(Beginning of RECORDED DATA)

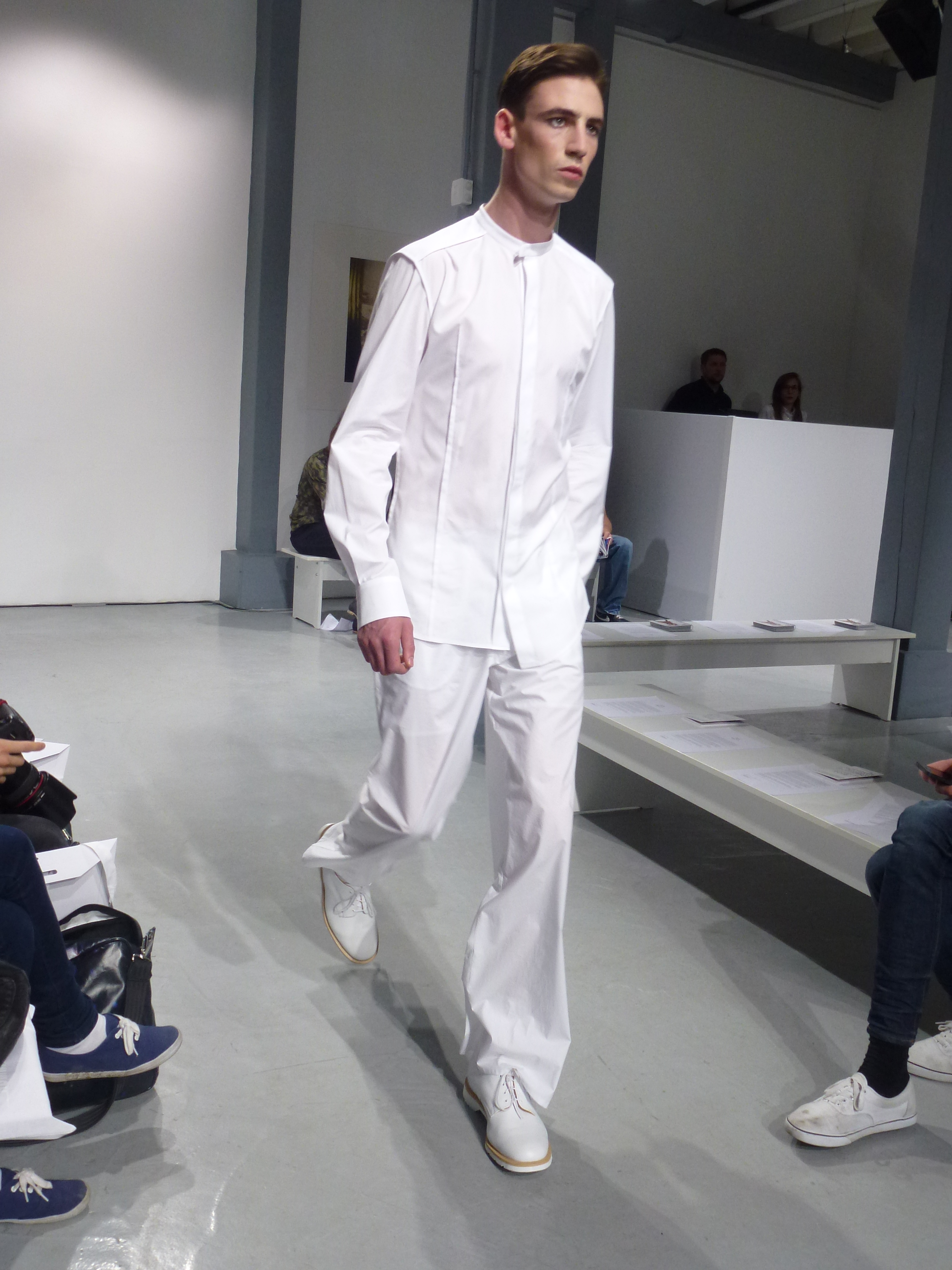 J’ai pu assister au défilé « 22/4 _Hommes _Femmes »: une collection complètement androgyne, d’inspiration sportswear, un choix de matières nobles et des finitions méticuleuses, une impression de légèreté et de pureté en blanc et bleu dominants:
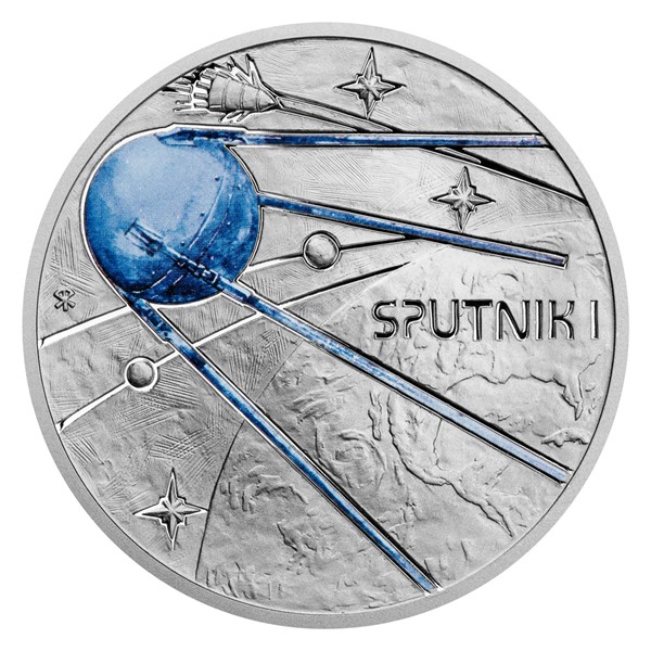 Třetí stříbrná mince ze sběratelské série Mléčná dráha je věnována prostředku, který poslal lidstvo do kosmického věku – družici jménem Sputnik 1.
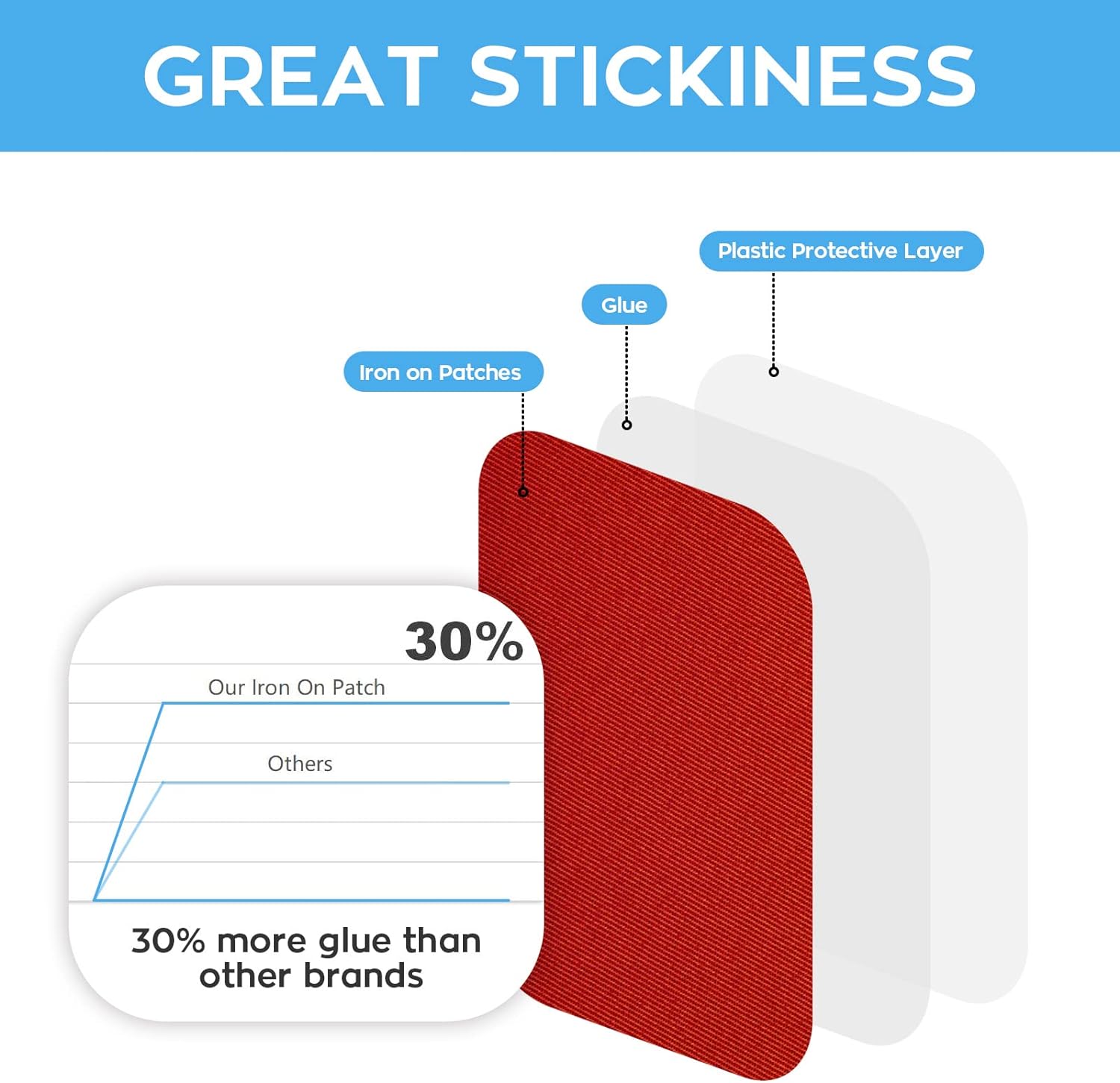 - GREAT STICKINESS & DURABLE: Our iron on patches are soft and made of polyester material. 30% more glue than other iron on patches for clothing, which could be machine washed and makes it through multiple washes, still remains its strongness and durability. Perfectly merged with your restored items without any falling off and fading after washing

(End of RECORDED DATA)

**WORK TO COMPLETE**
Your task is to restate word for word the lines from the top of the data to the line containing "Třetí stříbrná mince", both ends included, with every picture left out.

**ANSWER TO THE PROBLEM**
 J’ai pu assister au défilé « 22/4 _Hommes _Femmes »: une collection complètement androgyne, d’inspiration sportswear, un choix de matières nobles et des finitions méticuleuses, une impression de légèreté et de pureté en blanc et bleu dominants:
 Třetí stříbrná mince ze sběratelské série Mléčná dráha je věnována prostředku, který poslal lidstvo do kosmického věku – družici jménem Sputnik 1.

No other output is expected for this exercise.